Pabst got bitten by the bug in that middle school musical and hasn’t looked back.
“I just stuck with it because it really felt like, more than anything else I’ve ever done, just like a family,” Pabst said “And you know, it was such a powerful experience that I couldn’t really imagine devoting myself to anything else.”
Ramos said he inherited a strong program used to rigorous training and work. Neither Pabst nor Gray were behind on the competitive skills that all-state judges appreciate.
“It wouldn’t be fair for me to take the accolades for this group,” he said. “Will Griswold was the choir director who preceded me. He did more than I will ever be able to. He was a wonderful director and did a wonderful job preparing these two kids for this. I would be very remiss not to say that.”
Ramos said Pabst and Gray are exemplary. They show their peers that success comes from drilling down on the part of music that scares you.
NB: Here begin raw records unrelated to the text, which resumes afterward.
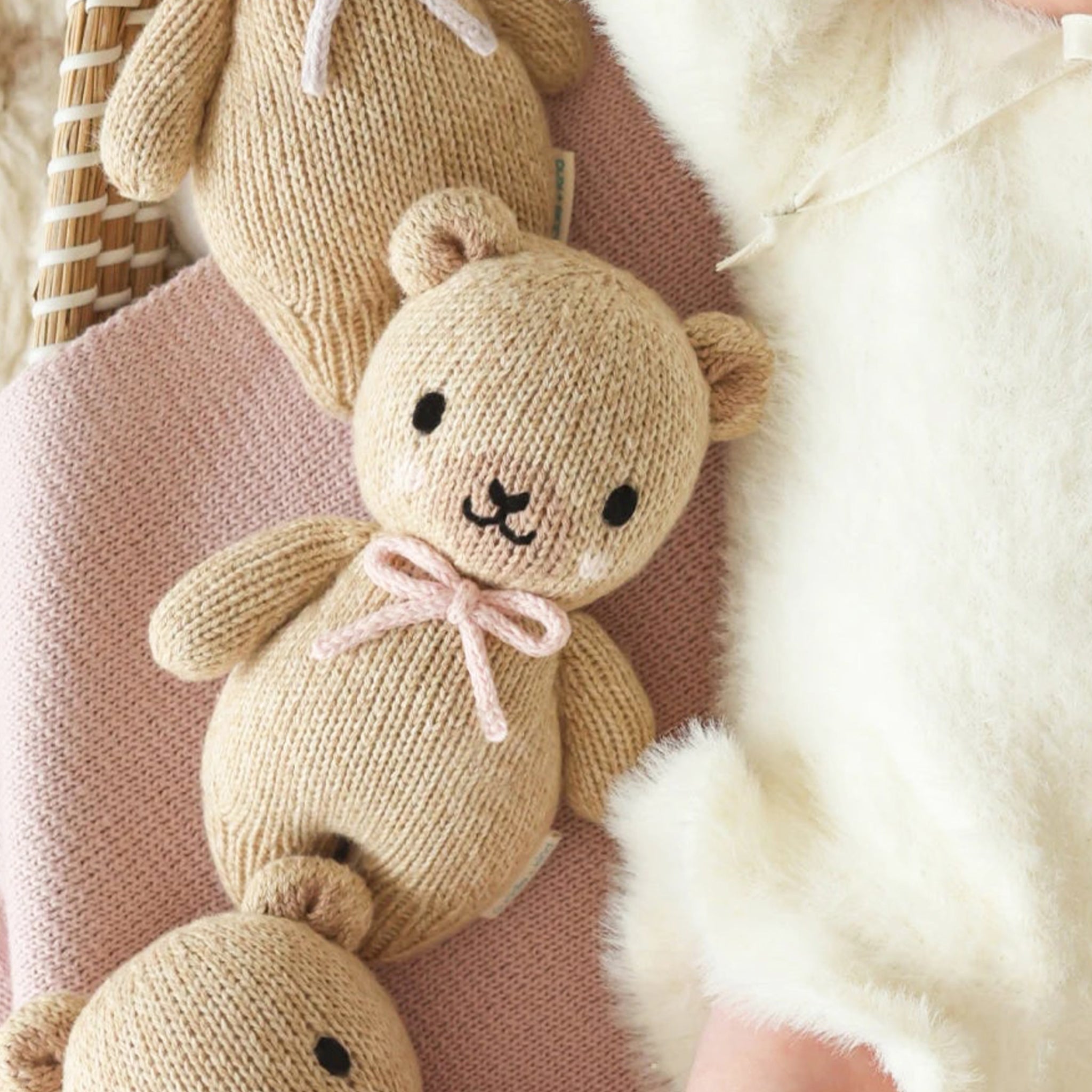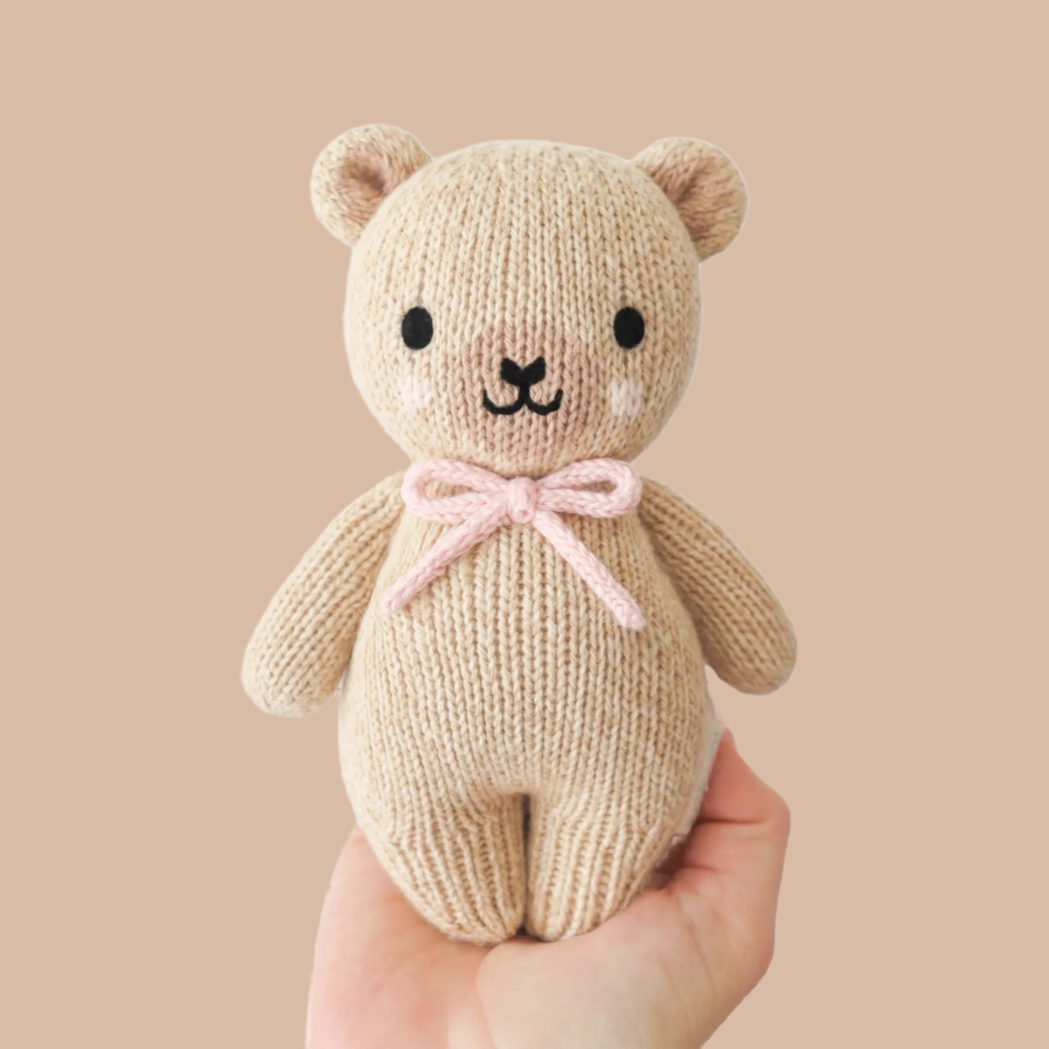 Meet Baby Honey Bear with a Blush Bow, a tiny hand-knit treasure crafted from soft, natural Peruvian cotton yarn. Just a bit bigger than your hand, this heirloom-quality companion is full of lovable charm and perfect for starting or growing your collection. With its sweet details and cuddly softness, Baby Honey Bear is sure to become a favorite collectible for all ages!
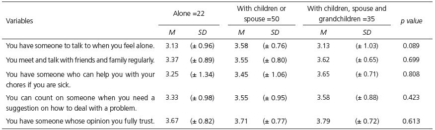 Although other studies have related social support to the household arrangement (Alves et al., 2015; Borges & Magalhães, 2011; Paúl, 2005; Rabelo & Neri, 2015; Rosa et al., 2007) in this study there were no statistically significant associations between these variables. It was observed that the sample tended to have a high availability of self-perceived social, instrumental, affective, informative and social-emotional support. However, the tendency of the group with a uni- or bi-generational arrangement to have a greater availability of social-emotional support when compared to the others, may indicate that, in this aspect, the coexistence with the next generations favors these exchanges, performed by people who share common beliefs, stories and values.
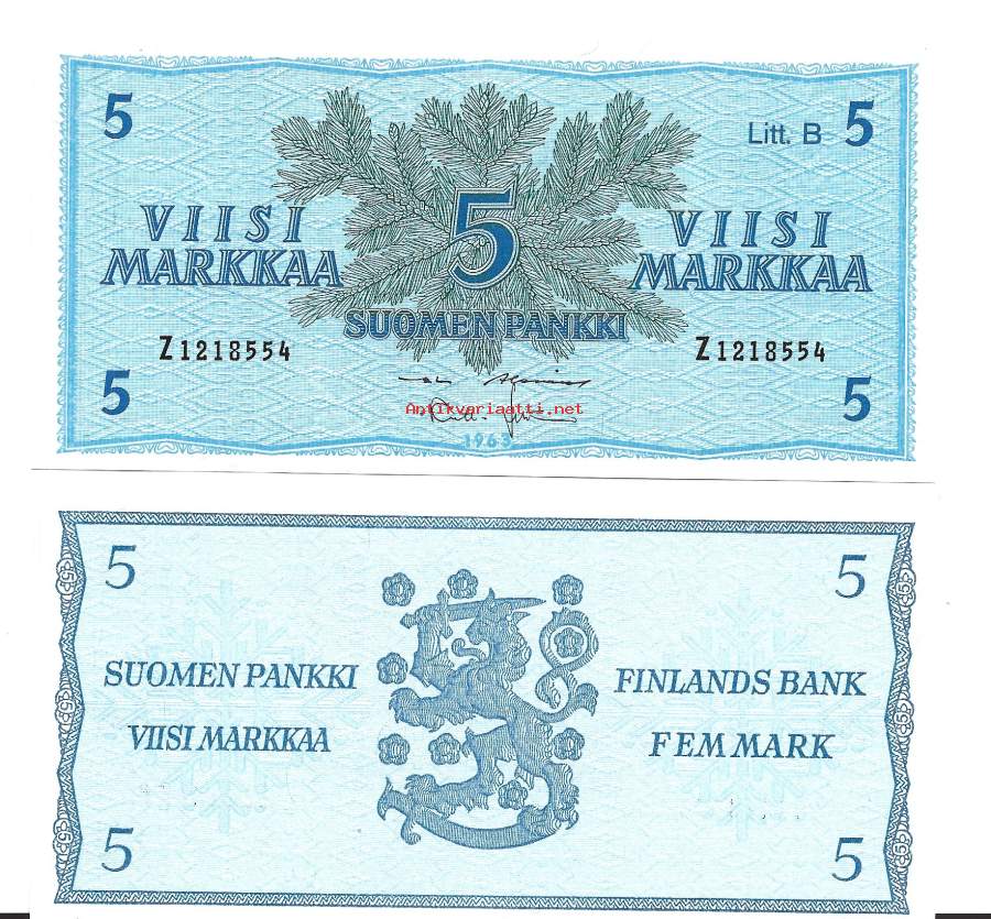 5 markkaa 1963 Litt B suomalainen seteli
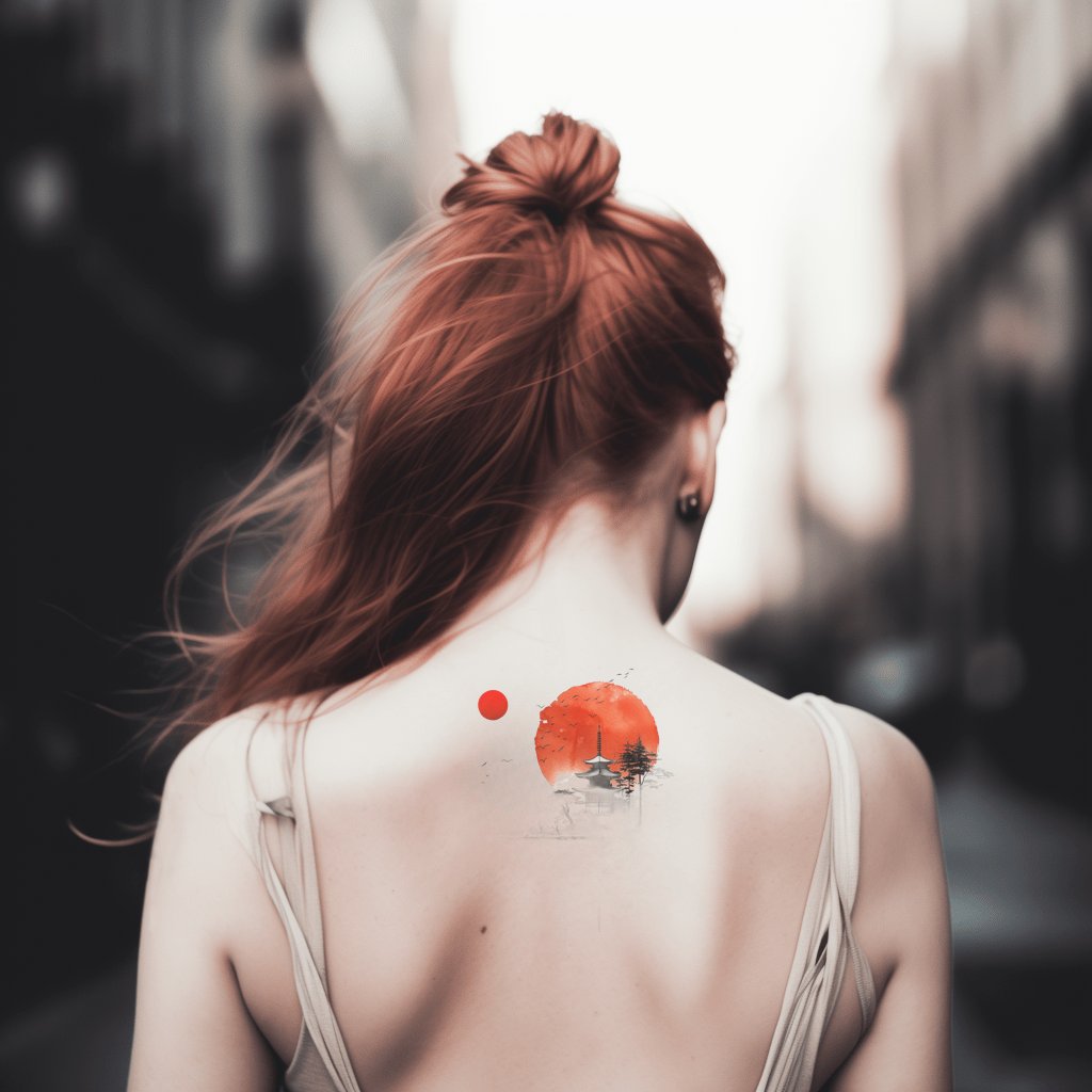 Chinese Pagode at Sunset Tattoo Design
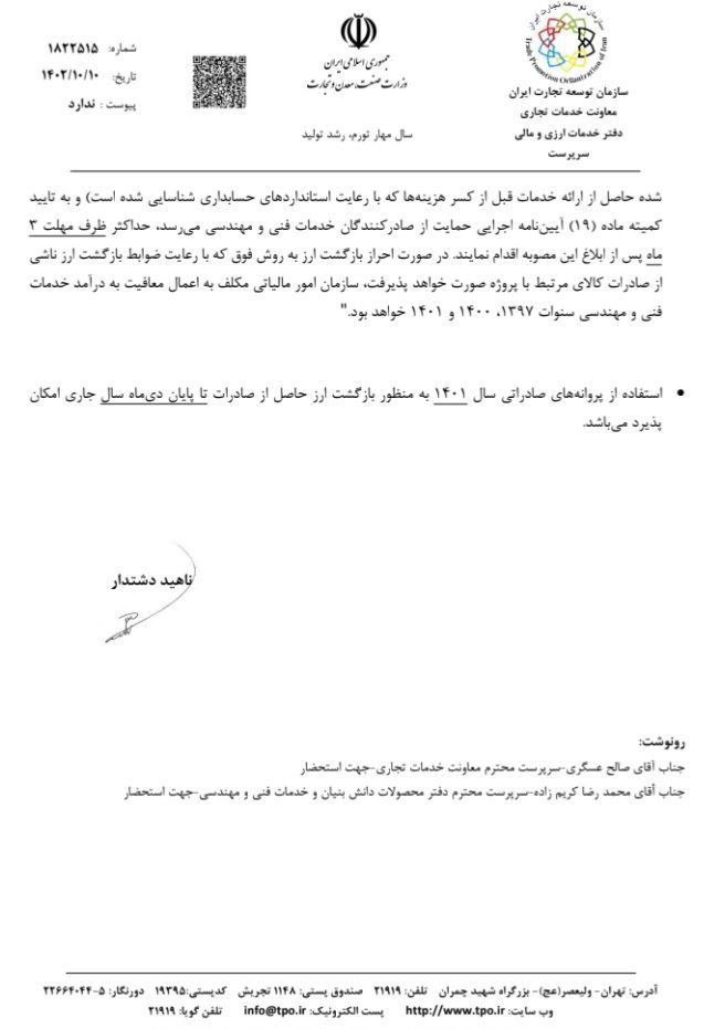 3- تمدید عدم اعمال محدودیت‌های تجاری برای صادرکنندگان مشمول استثنائات تا پایان سال 1402

For Gray, who said she has to plug away at music theory and sight-reading, that means rehearsing trouble spots doggedly.
“I think it demonstrates two things,” Ramos said. “First, it demonstrates people who are willing to try something hard just for the sake of doing something hard. Honestly, if you just consider all the man-hours that it takes to prepare this music, that they take over the summertime to learn the music, that the auditions that are on Saturdays and go all day long — if ... it’s just for the glory, it ain’t worth it.
“It’s more about just sort of the willingness to try something hard because honestly, life is full of hard things that you’re going to have to do. I can yell and scream at them, shove this music in their face as often as I want to, but until it comes from them intrinsically, nothing’s going to happen.”
Ramos said Gray and Pabst sacrifice a lot to succeed in music.
“The thing about Aimee and Levi is that they’re incredibly self-disciplined,” Ramos said. “Incredibly self-disciplined. There would be times where I would be sitting eating my lunch, and Aimee would be going over a section that we weren’t even going to be auditioning for, like, months. One of the pieces, she was going over the section, like being on the piano, working, and she was upset about it but fixing it because she knew what she needed to work on.”
Ramos said Pabst’s strength at sight-reading and his dedication makes him a leader for his section.
“It’s just sort of that self-discipline of saying, ‘I’ve taken it personally,’” he said. “They approach their work as if to say, ‘If I make it to the next round, it’s not because somebody else pulled me aside and did it, but because I did. Because I took the time to make this happen.’”
Pabst said the choir program teaches deep listening and teamwork.
“With choir, effectively the goal is to make it sound like four people singing: a tenor, a bass, an alto and a soprano,” he said. “You have to try to match everyone else as well as you can while also making sure that you know everything you’re singing is correct on the page, and while you’re looking at your conductor to make sure that you’re staying in time. You have to focus on so many outside elements. It forces you to be a team player. You can’t just sit in your own little bubble”
Gray said choir teaches students how important it is to show up with your homework done and ready to trust the other singers to do what the music guides them to do.
“It is really important for every student in there to have the same passion towards what they’re doing,” she said. “Sometimes, you know, you can have a day where like half of the choir’s acknowledged, ‘I’m done for the day.’ Then you can really tell and it really, like, hurts everyone else. I think you have to focus on the social side all the time, as well as the technical side, for everyone to always be like a team.”
Ramos said those principles root everyone to the choir slogan.
“That idea, that ‘Love your neighbor,’ that’s one of the big reasons I came to Argyle,” Ramos said. “The students really mean it, and it shows.”